== Segment start ==
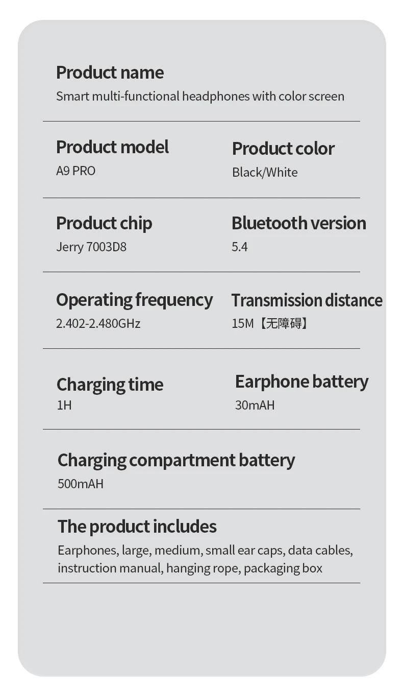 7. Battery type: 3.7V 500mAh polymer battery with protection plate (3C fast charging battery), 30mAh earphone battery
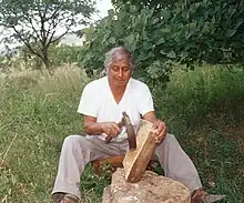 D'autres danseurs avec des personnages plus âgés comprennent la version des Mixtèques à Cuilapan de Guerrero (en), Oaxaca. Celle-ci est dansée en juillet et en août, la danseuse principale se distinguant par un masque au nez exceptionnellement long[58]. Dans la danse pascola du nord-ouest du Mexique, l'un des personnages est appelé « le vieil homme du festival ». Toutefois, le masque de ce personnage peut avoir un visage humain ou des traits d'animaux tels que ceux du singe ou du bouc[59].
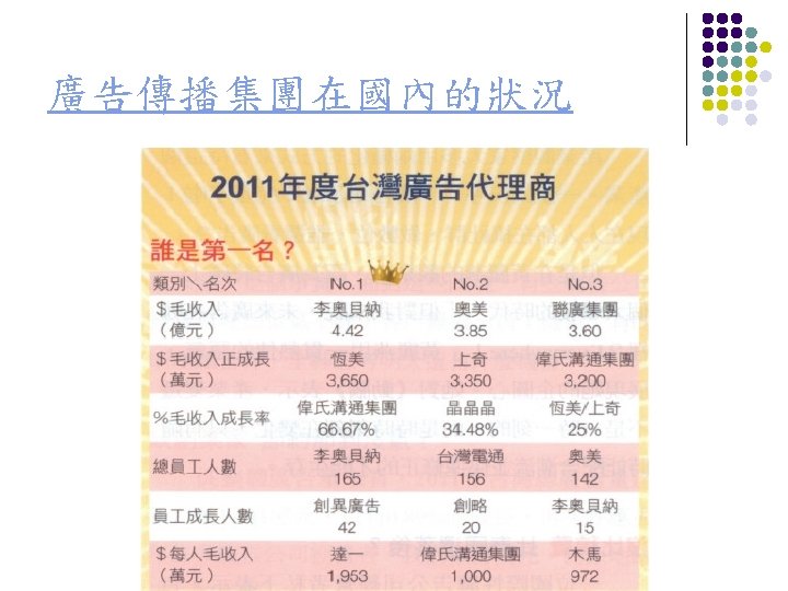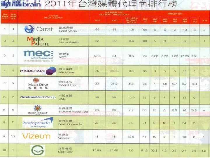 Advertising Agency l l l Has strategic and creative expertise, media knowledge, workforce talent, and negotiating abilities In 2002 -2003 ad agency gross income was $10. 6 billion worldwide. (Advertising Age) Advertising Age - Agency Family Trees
== Segment end ==
• _WHAT IS EXPECTED_: Copy nothing but the lines from the top of the data down to the line containing "D'autres danseurs avec", and leave the pictures out.

• _SOLUTION_:
 7. Battery type: 3.7V 500mAh polymer battery with protection plate (3C fast charging battery), 30mAh earphone battery
 D'autres danseurs avec des personnages plus âgés comprennent la version des Mixtèques à Cuilapan de Guerrero (en), Oaxaca. Celle-ci est dansée en juillet et en août, la danseuse principale se distinguant par un masque au nez exceptionnellement long[58]. Dans la danse pascola du nord-ouest du Mexique, l'un des personnages est appelé « le vieil homme du festival ». Toutefois, le masque de ce personnage peut avoir un visage humain ou des traits d'animaux tels que ceux du singe ou du bouc[59].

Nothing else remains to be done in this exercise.